* **DATA SECTION**:
▶
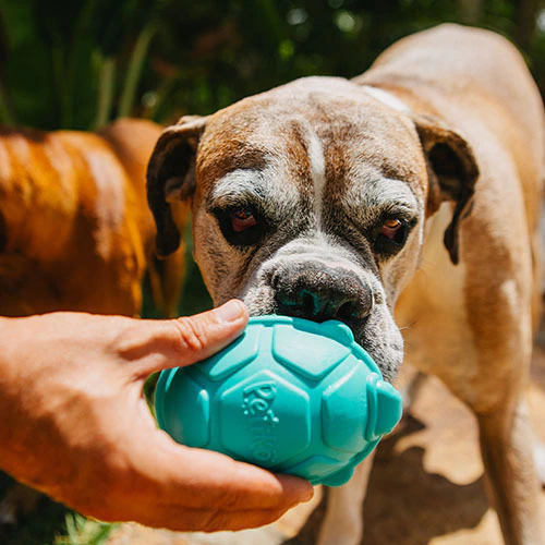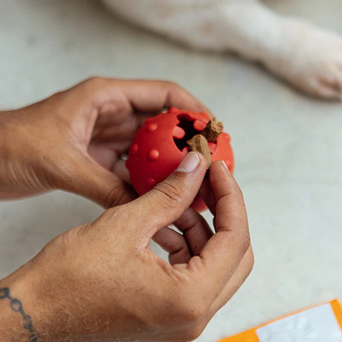 - Brinquedos 2 em 1: mordedor e porta petiscos;
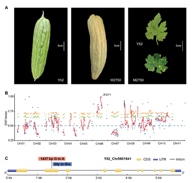 本研究依托高质量基因组构建了一个包含3,223份M₁代材料的大规模EMS突变体库,并对320份突变体进行了全基因组重测序,鉴定出约48万个突变位点。利用该突变体库,研究人员通过MutMap方法快速克隆了控制黄果性状的基因McEGY1。此外,结合BSA和BSR分析,团队还成功定位了控制果实长度(Y52_Chr0202842)、果实瘤状突起(Y52_Chr0400763)和白粉病抗性(Y52_Chr0300357)的关键候选基因。
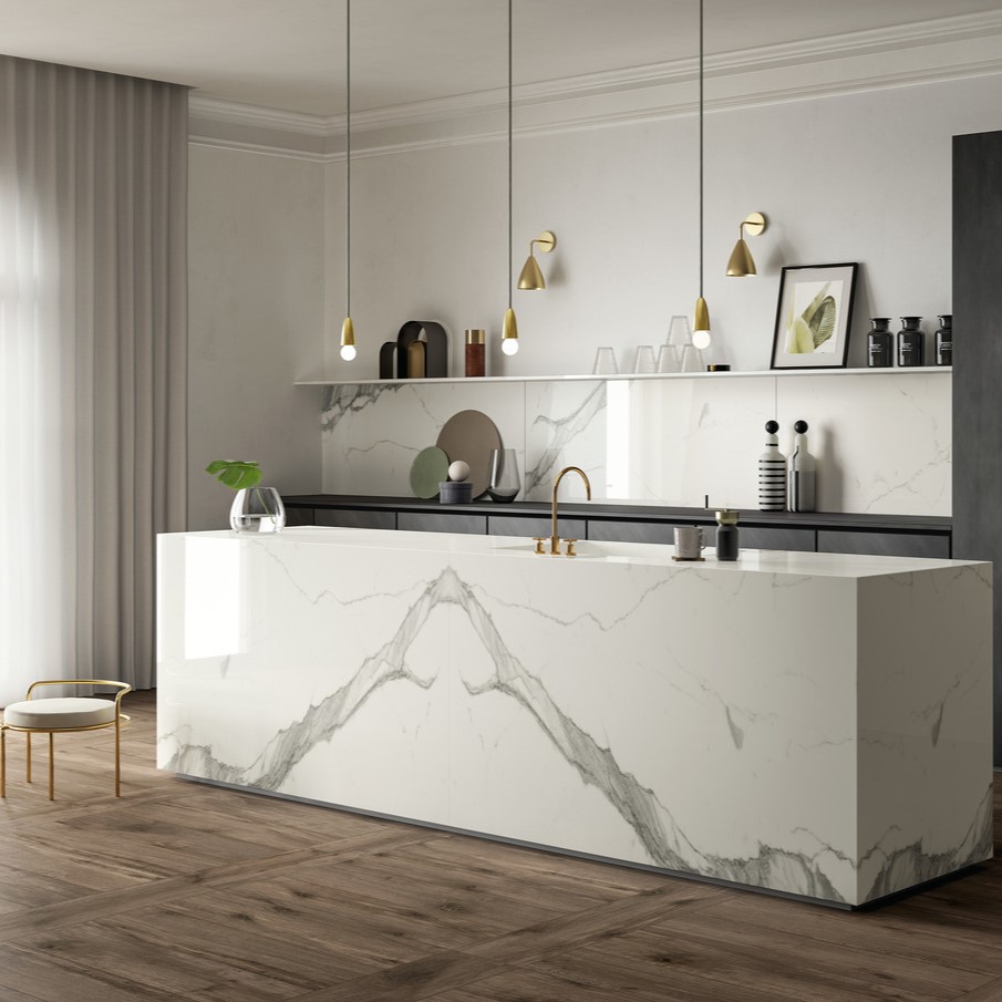 Відгуки про "Керамогранітна плита для стільниць Sapien Stone Calacatta Statuario 4d Cashmere 320х160 12mm (SSC3216507G)"
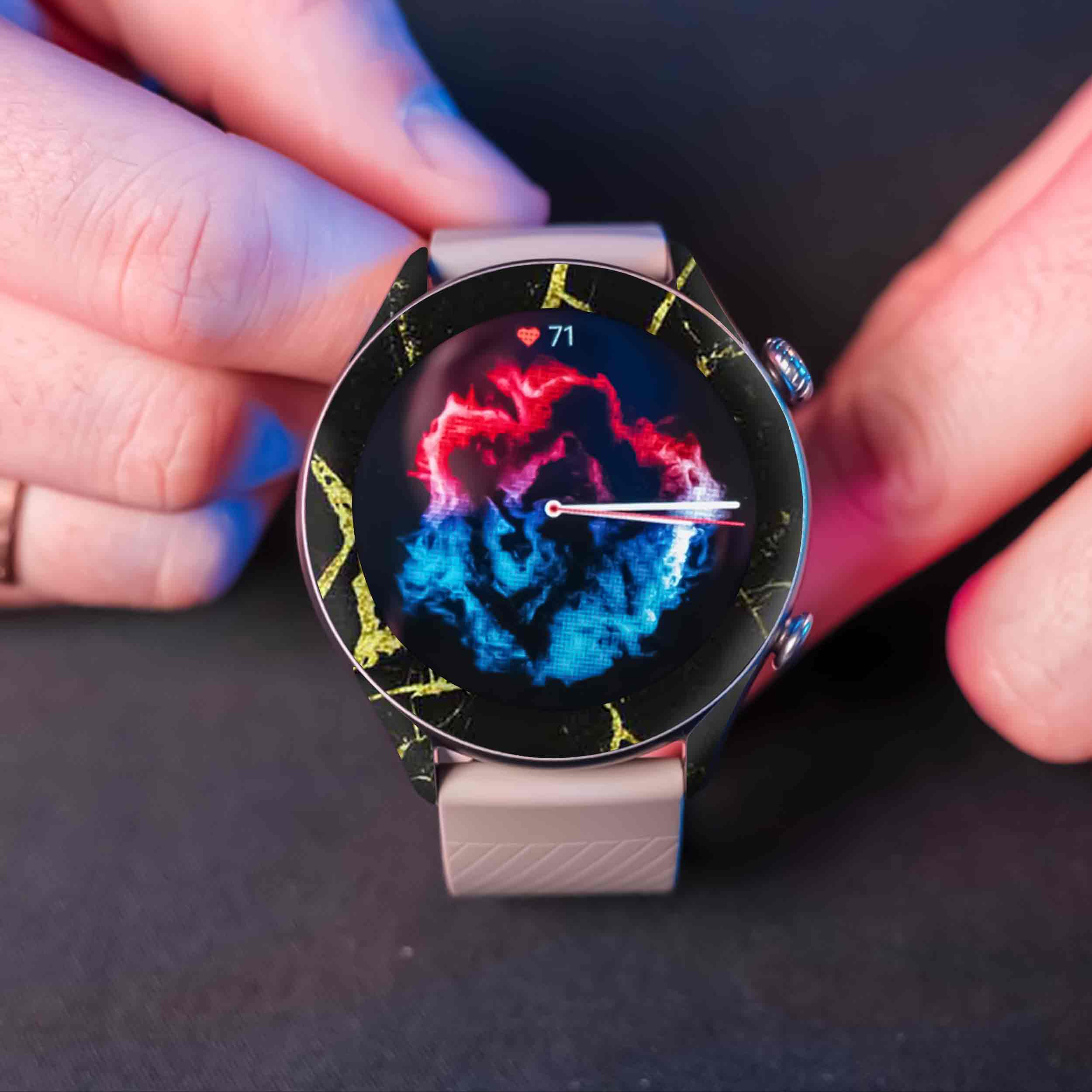 طرح مرمر گرافیت طلایی، محصولِ برند ماهوت میباشد. در توضیح ساختار فنی برچسب طرح ساعت هوشمند ماهوت میتوان گفت تصویر بر روی لایه اولِ برپوش، مستقیما با یک تکنیک منحصربفرد چاپ میشود. همچنین بخش چسبنده دارای تکنولوژی Bubble Free است که نصب را آسان و چسبندگی را حداکثر میکند و هیچ اثری از چسب، بر روی ساعت هوشمند باقی نمیگذارد. در لایه دوم یک ورق لمینت گرم، با دستگاههای مخصوص در دمای بالا بر روی لایه اول اعمال می شود تا مقاومت در برابر مواد شیمیایی و خط و خش و آب خوردگی حداکثر شود. این محصول نوعی استیکر(برچسب) چندلایه است و به منظور پوشش تمامی وجوه ساعت هوشمند ساخته شده است و کنارههای دستگاه را هم پوشش میدهد. هدف استفاده از آن ایجاد طرح، رنگ و احساسی نو برای دستگاه هوشمند است در حالی که زبان طراحی و ظرافت ساعت هوشمند حفظ شود. لازم به ذکر است که برچسب پوششی ماهوت با وجود چسبندگی بالا هیچی اثری از خود هنگام جدا شدن برجای نمیگذارد. همچنین جنس این محصول از پلیکربنات است و این ماده تاثیر قابل توجهی بر روی آنتن دهی و یا دفع حرارت دستگاه نخواهد داشت. داخل جعبه محصول دو سری برپوش قرار داده شده است تا عمر استفاده از محصول بالا برود.
◀
* **WHAT IS NEEDED**:
Leave out the pictures and return the listing exactly.

* **RESULT**:
 - Brinquedos 2 em 1: mordedor e porta petiscos;
 本研究依托高质量基因组构建了一个包含3,223份M₁代材料的大规模EMS突变体库,并对320份突变体进行了全基因组重测序,鉴定出约48万个突变位点。利用该突变体库,研究人员通过MutMap方法快速克隆了控制黄果性状的基因McEGY1。此外,结合BSA和BSR分析,团队还成功定位了控制果实长度(Y52_Chr0202842)、果实瘤状突起(Y52_Chr0400763)和白粉病抗性(Y52_Chr0300357)的关键候选基因。
 Відгуки про "Керамогранітна плита для стільниць Sapien Stone Calacatta Statuario 4d Cashmere 320х160 12mm (SSC3216507G)"
 طرح مرمر گرافیت طلایی، محصولِ برند ماهوت میباشد. در توضیح ساختار فنی برچسب طرح ساعت هوشمند ماهوت میتوان گفت تصویر بر روی لایه اولِ برپوش، مستقیما با یک تکنیک منحصربفرد چاپ میشود. همچنین بخش چسبنده دارای تکنولوژی Bubble Free است که نصب را آسان و چسبندگی را حداکثر میکند و هیچ اثری از چسب، بر روی ساعت هوشمند باقی نمیگذارد. در لایه دوم یک ورق لمینت گرم، با دستگاههای مخصوص در دمای بالا بر روی لایه اول اعمال می شود تا مقاومت در برابر مواد شیمیایی و خط و خش و آب خوردگی حداکثر شود. این محصول نوعی استیکر(برچسب) چندلایه است و به منظور پوشش تمامی وجوه ساعت هوشمند ساخته شده است و کنارههای دستگاه را هم پوشش میدهد. هدف استفاده از آن ایجاد طرح، رنگ و احساسی نو برای دستگاه هوشمند است در حالی که زبان طراحی و ظرافت ساعت هوشمند حفظ شود. لازم به ذکر است که برچسب پوششی ماهوت با وجود چسبندگی بالا هیچی اثری از خود هنگام جدا شدن برجای نمیگذارد. همچنین جنس این محصول از پلیکربنات است و این ماده تاثیر قابل توجهی بر روی آنتن دهی و یا دفع حرارت دستگاه نخواهد داشت. داخل جعبه محصول دو سری برپوش قرار داده شده است تا عمر استفاده از محصول بالا برود.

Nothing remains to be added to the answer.